=== Section Start ===

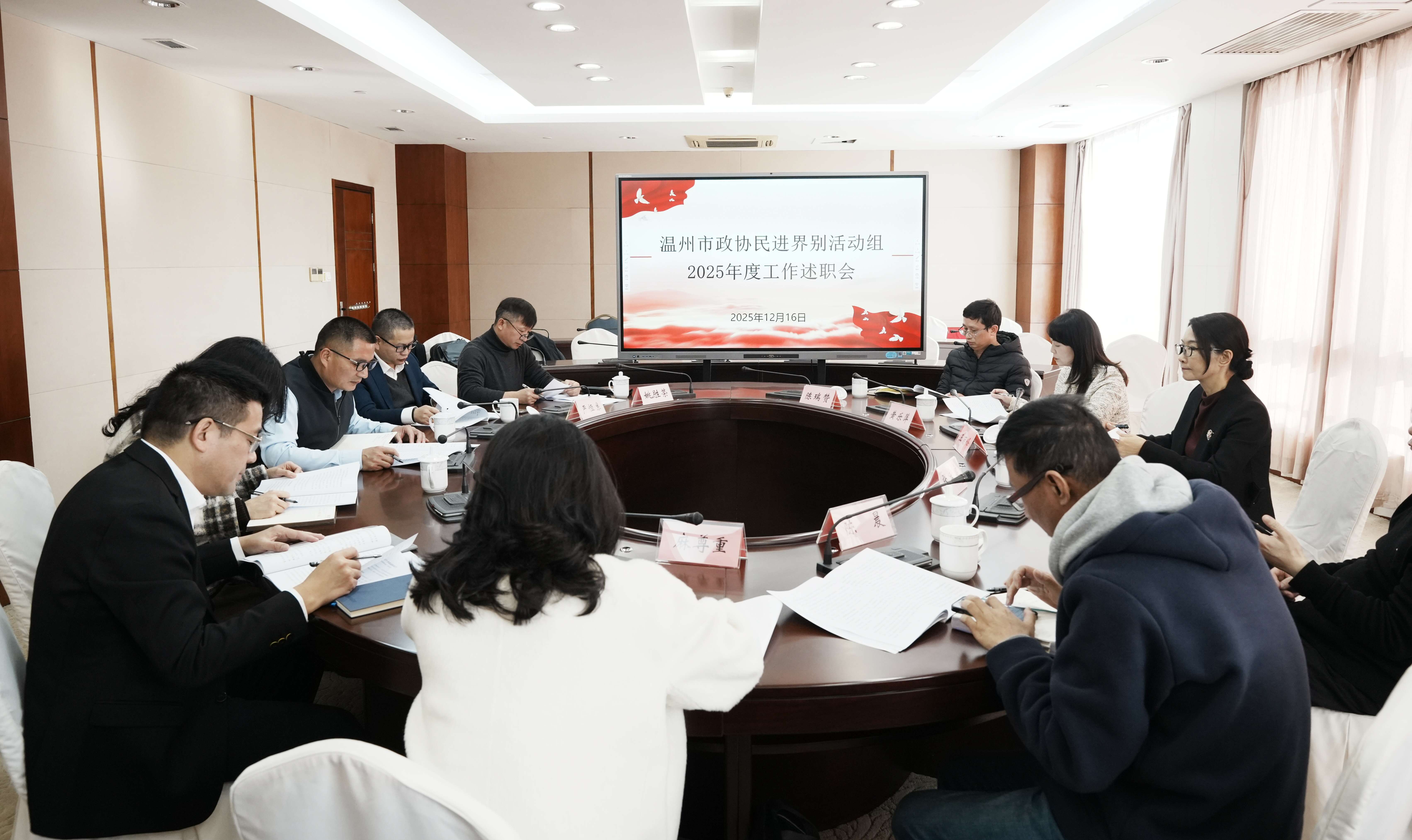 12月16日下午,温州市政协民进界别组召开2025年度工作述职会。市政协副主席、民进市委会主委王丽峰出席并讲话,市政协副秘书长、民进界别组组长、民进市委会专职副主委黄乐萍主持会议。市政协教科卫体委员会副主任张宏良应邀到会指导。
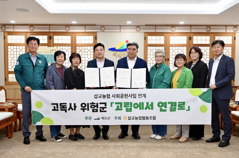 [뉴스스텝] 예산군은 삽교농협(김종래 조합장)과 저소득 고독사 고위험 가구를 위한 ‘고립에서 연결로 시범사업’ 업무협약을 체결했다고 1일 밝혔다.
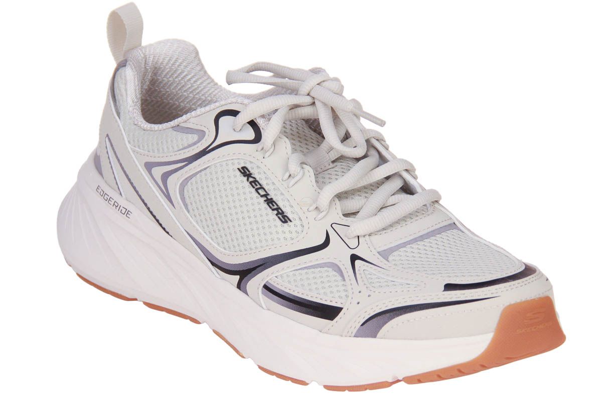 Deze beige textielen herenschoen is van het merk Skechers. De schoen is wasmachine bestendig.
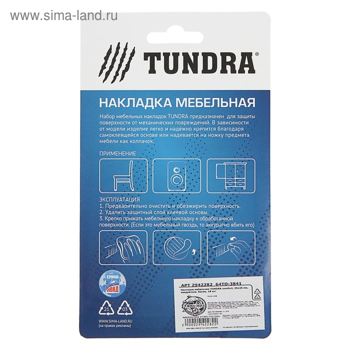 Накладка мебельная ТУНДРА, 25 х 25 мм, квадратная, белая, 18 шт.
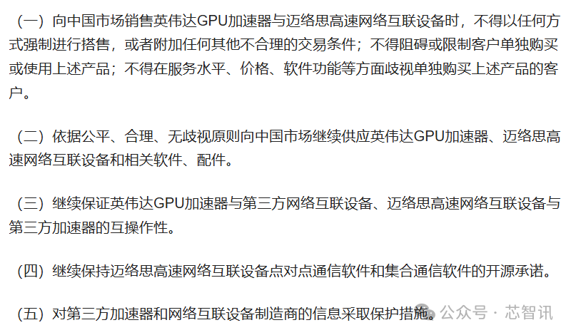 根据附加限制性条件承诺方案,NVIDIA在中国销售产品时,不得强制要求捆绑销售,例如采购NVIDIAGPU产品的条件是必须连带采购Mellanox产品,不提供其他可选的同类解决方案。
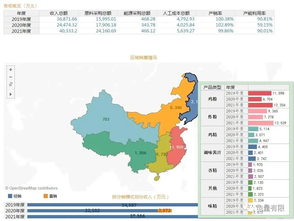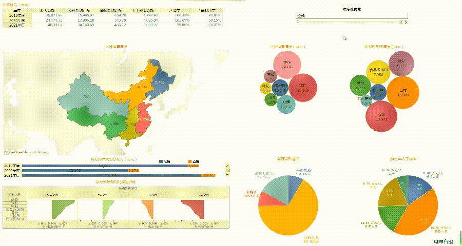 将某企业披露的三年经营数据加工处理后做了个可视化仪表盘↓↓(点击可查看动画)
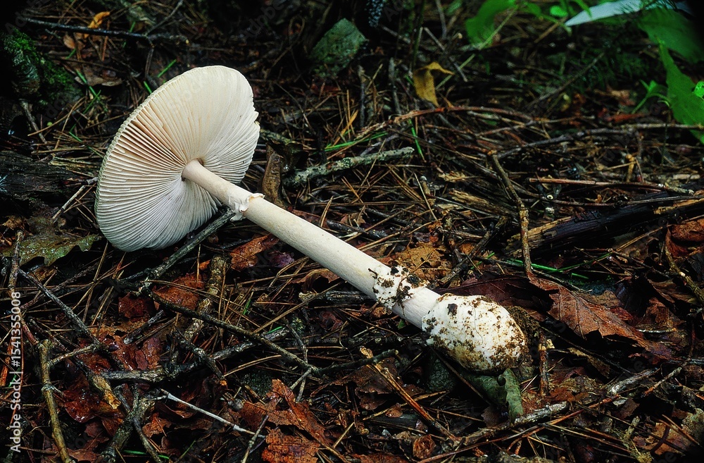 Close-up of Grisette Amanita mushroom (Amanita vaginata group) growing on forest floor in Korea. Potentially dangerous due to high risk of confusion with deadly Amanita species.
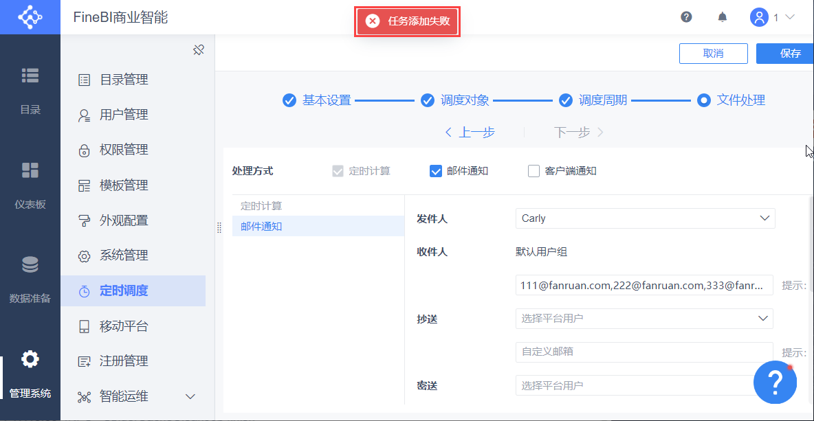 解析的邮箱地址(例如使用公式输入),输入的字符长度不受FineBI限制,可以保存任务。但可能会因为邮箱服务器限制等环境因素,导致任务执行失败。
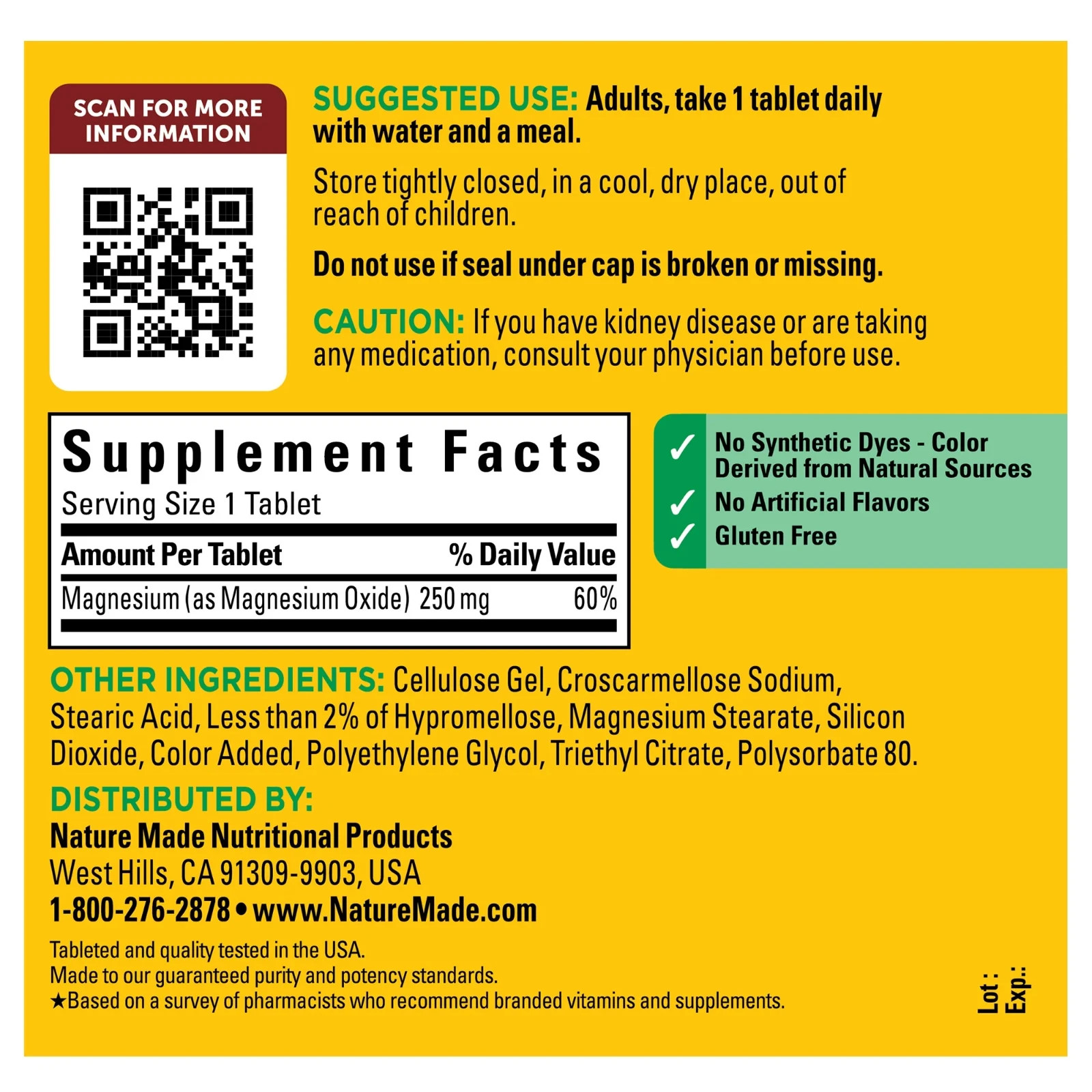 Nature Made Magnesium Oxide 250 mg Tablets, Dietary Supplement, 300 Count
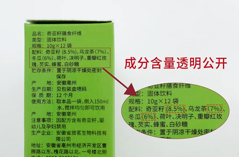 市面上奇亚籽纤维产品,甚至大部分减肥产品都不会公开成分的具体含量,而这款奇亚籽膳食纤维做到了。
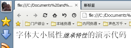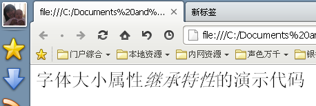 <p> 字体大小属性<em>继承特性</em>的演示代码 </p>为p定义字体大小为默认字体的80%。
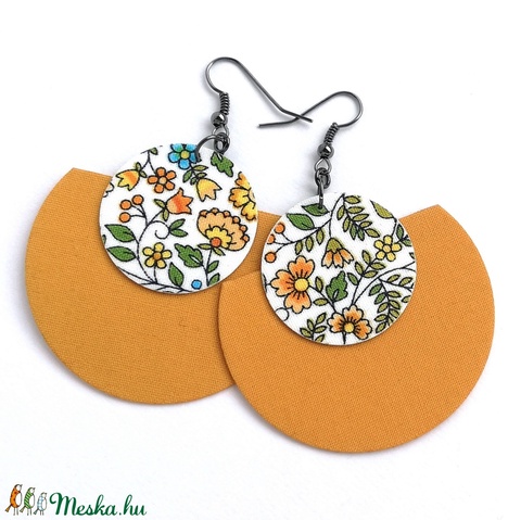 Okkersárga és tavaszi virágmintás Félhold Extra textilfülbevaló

=== Section End ===

_What needs to be done_
Every line of the material must be returned verbatim, and pictures must be left behind.

_Output of the task_
 12月16日下午,温州市政协民进界别组召开2025年度工作述职会。市政协副主席、民进市委会主委王丽峰出席并讲话,市政协副秘书长、民进界别组组长、民进市委会专职副主委黄乐萍主持会议。市政协教科卫体委员会副主任张宏良应邀到会指导。
 [뉴스스텝] 예산군은 삽교농협(김종래 조합장)과 저소득 고독사 고위험 가구를 위한 ‘고립에서 연결로 시범사업’ 업무협약을 체결했다고 1일 밝혔다.
 Deze beige textielen herenschoen is van het merk Skechers. De schoen is wasmachine bestendig.
 Накладка мебельная ТУНДРА, 25 х 25 мм, квадратная, белая, 18 шт.
 根据附加限制性条件承诺方案,NVIDIA在中国销售产品时,不得强制要求捆绑销售,例如采购NVIDIAGPU产品的条件是必须连带采购Mellanox产品,不提供其他可选的同类解决方案。
 将某企业披露的三年经营数据加工处理后做了个可视化仪表盘↓↓(点击可查看动画)
 Close-up of Grisette Amanita mushroom (Amanita vaginata group) growing on forest floor in Korea. Potentially dangerous due to high risk of confusion with deadly Amanita species.
 解析的邮箱地址(例如使用公式输入),输入的字符长度不受FineBI限制,可以保存任务。但可能会因为邮箱服务器限制等环境因素,导致任务执行失败。
 Nature Made Magnesium Oxide 250 mg Tablets, Dietary Supplement, 300 Count
 市面上奇亚籽纤维产品,甚至大部分减肥产品都不会公开成分的具体含量,而这款奇亚籽膳食纤维做到了。
 <p> 字体大小属性<em>继承特性</em>的演示代码 </p>为p定义字体大小为默认字体的80%。
 Okkersárga és tavaszi virágmintás Félhold Extra textilfülbevaló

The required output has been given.